● **YOUR TASK**: Below, find the line containing "Men's Wide-Fit Cargo" and the line containing "A refined and"; reproduce exactly those two and every line between them, omitting pictures.

Segment Start: RAW DATA

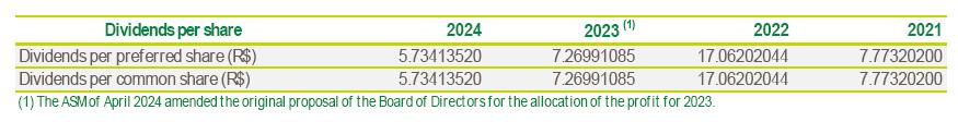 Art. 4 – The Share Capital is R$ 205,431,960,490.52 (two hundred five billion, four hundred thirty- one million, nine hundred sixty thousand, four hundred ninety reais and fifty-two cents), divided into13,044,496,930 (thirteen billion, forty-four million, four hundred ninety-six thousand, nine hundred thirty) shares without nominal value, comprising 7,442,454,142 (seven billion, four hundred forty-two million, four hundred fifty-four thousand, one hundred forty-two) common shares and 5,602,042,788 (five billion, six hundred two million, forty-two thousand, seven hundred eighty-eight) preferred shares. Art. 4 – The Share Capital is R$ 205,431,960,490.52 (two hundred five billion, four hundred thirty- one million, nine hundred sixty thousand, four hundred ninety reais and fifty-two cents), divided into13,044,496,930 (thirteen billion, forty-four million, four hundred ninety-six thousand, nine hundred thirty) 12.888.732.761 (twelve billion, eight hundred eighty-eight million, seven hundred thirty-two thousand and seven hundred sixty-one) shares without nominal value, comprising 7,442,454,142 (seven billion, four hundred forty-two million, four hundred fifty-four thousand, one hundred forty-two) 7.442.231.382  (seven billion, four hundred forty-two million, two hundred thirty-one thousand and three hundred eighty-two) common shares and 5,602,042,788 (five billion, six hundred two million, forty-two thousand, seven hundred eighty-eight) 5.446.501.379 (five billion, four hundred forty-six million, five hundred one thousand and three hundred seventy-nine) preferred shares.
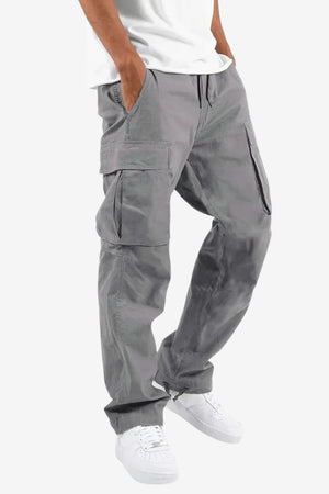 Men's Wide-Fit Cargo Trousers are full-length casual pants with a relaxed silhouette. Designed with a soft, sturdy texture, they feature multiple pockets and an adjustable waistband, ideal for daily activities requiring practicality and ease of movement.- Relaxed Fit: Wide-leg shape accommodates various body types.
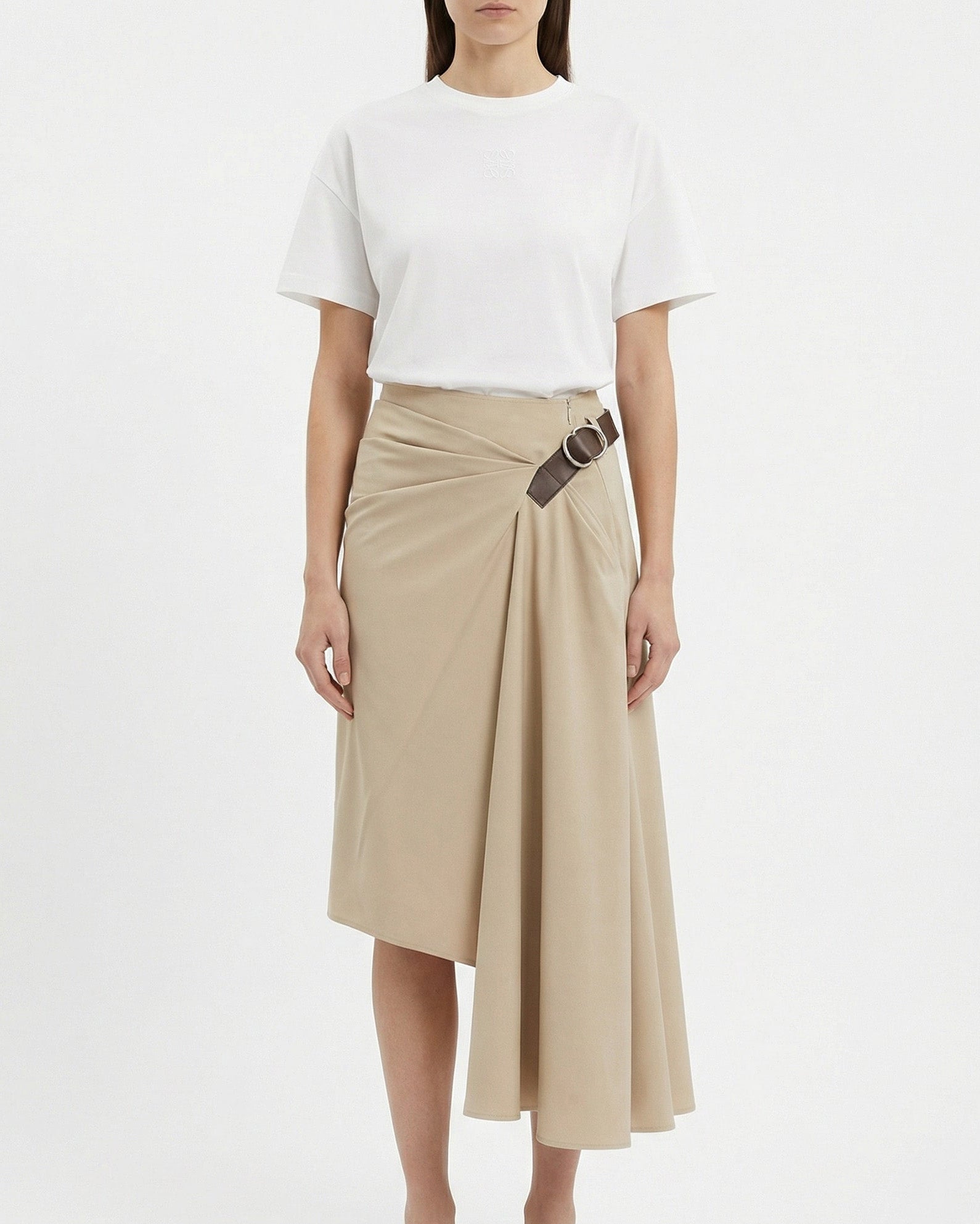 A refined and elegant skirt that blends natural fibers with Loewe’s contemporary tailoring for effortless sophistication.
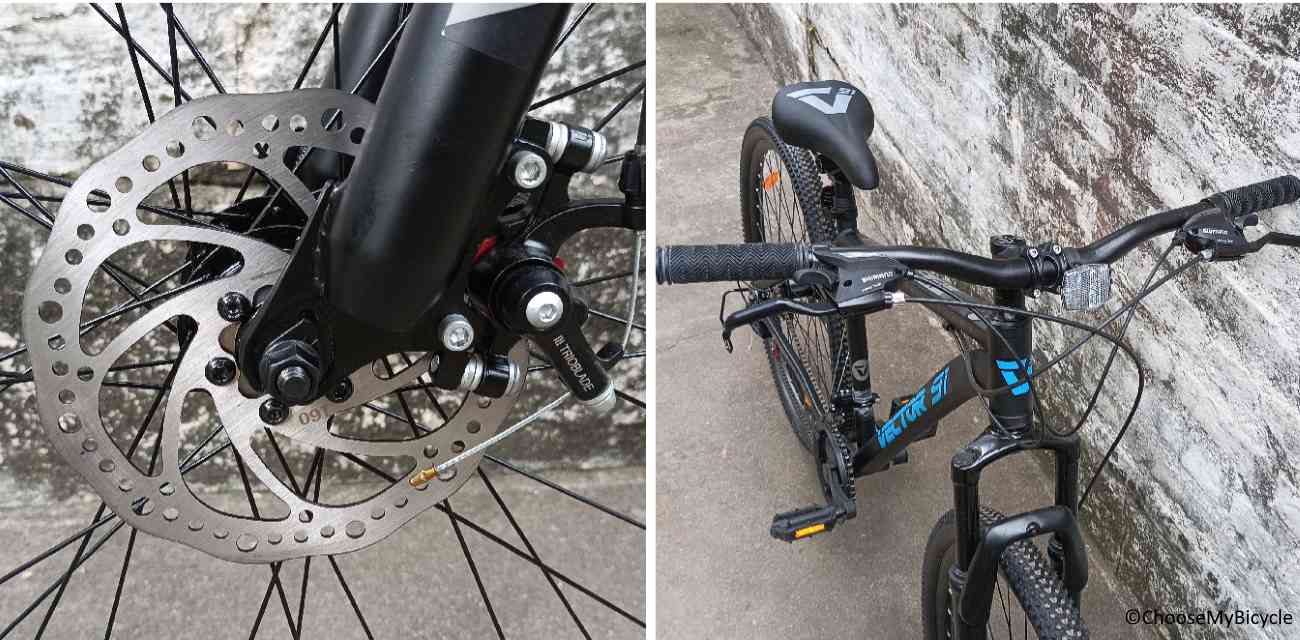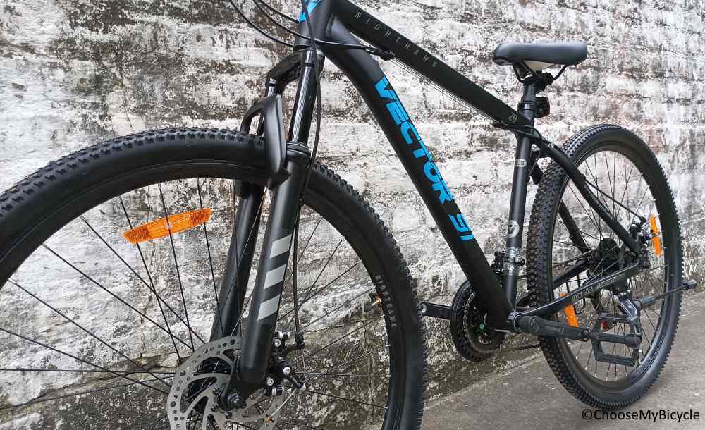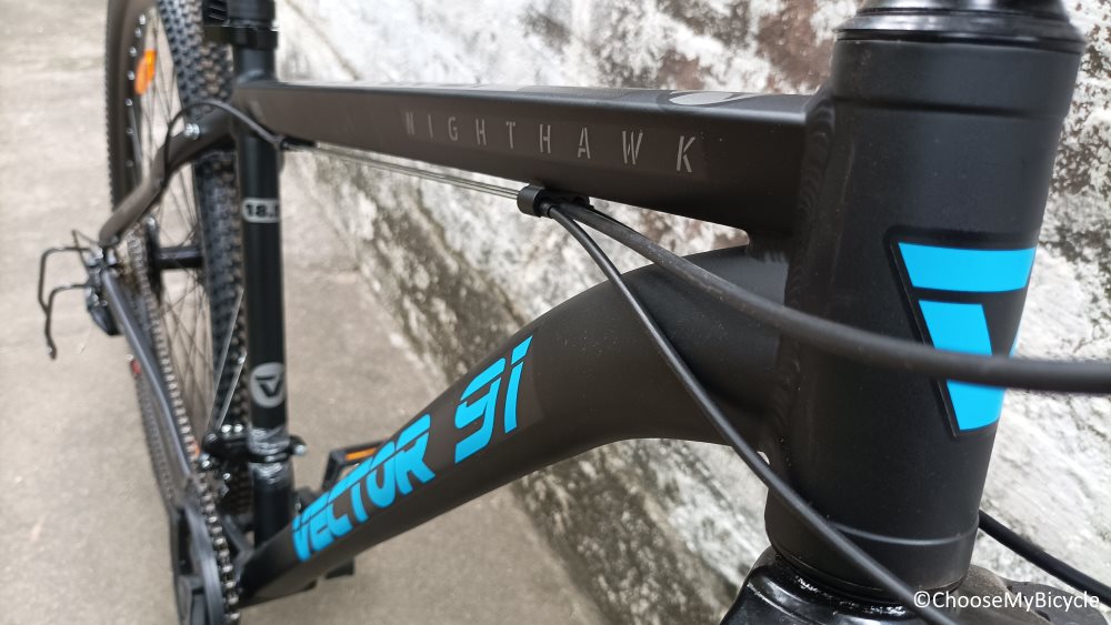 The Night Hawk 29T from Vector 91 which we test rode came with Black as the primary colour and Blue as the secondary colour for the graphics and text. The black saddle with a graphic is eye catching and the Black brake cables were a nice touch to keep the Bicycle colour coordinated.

Segment End: RAW DATA

● **SOLUTION FOR THIS TASK**:
 Men's Wide-Fit Cargo Trousers are full-length casual pants with a relaxed silhouette. Designed with a soft, sturdy texture, they feature multiple pockets and an adjustable waistband, ideal for daily activities requiring practicality and ease of movement.- Relaxed Fit: Wide-leg shape accommodates various body types.
 A refined and elegant skirt that blends natural fibers with Loewe’s contemporary tailoring for effortless sophistication.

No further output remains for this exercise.